Exercise brief =>
Extract from the entries below, exactly as given, only the lines from the line containing "Hearkening to the" to the line containing "日落杯水晶玻璃水杯复古橘色中古彩色粉色鸡尾酒杯高脚杯香槟酒杯", both lines included.
▼▼▼
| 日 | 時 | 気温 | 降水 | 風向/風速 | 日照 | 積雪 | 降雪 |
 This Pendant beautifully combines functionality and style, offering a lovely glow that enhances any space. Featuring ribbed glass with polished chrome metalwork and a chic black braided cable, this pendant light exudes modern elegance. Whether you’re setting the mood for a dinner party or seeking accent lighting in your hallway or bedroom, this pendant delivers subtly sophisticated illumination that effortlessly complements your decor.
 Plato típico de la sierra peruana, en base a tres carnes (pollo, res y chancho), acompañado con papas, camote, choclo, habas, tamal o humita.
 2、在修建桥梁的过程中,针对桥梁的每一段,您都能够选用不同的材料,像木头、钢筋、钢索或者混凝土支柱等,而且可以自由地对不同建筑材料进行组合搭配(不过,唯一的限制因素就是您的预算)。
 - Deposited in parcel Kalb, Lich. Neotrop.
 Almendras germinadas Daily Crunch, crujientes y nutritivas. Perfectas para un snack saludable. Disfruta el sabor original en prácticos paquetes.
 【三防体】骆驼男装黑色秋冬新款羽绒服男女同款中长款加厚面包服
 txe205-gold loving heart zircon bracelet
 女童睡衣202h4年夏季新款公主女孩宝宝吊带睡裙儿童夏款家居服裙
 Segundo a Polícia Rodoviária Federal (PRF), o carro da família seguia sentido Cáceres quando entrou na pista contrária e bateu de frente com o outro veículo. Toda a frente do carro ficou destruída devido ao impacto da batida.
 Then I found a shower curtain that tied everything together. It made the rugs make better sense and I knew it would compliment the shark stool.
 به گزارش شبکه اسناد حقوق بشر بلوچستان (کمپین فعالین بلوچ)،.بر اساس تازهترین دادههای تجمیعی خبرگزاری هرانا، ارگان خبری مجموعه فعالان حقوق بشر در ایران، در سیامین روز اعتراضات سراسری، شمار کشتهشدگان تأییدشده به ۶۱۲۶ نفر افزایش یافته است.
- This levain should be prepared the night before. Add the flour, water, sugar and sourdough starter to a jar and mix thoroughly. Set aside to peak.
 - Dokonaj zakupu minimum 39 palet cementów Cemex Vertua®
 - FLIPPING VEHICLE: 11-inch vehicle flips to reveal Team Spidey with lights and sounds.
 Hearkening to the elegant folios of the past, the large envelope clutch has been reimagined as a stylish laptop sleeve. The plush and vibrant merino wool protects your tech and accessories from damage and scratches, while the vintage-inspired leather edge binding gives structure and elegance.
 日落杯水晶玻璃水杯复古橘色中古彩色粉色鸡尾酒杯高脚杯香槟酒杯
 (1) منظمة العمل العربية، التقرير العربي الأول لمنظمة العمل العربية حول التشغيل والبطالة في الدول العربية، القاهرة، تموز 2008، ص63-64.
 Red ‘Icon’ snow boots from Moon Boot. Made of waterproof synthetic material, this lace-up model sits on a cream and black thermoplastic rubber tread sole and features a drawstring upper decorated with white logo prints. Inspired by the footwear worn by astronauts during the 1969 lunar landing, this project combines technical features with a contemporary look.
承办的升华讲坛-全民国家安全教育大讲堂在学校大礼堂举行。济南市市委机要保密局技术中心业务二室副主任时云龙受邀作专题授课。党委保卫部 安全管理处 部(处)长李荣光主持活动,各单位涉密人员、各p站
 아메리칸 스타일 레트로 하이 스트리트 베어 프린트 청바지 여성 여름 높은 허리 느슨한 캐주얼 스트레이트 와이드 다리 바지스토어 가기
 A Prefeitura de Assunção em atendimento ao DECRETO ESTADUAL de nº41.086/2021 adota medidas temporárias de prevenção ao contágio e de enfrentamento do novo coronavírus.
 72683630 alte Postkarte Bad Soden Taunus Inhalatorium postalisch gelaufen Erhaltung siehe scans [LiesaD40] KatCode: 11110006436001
▲▲▲
Output for this exercise =>
 Hearkening to the elegant folios of the past, the large envelope clutch has been reimagined as a stylish laptop sleeve. The plush and vibrant merino wool protects your tech and accessories from damage and scratches, while the vintage-inspired leather edge binding gives structure and elegance.
 日落杯水晶玻璃水杯复古橘色中古彩色粉色鸡尾酒杯高脚杯香槟酒杯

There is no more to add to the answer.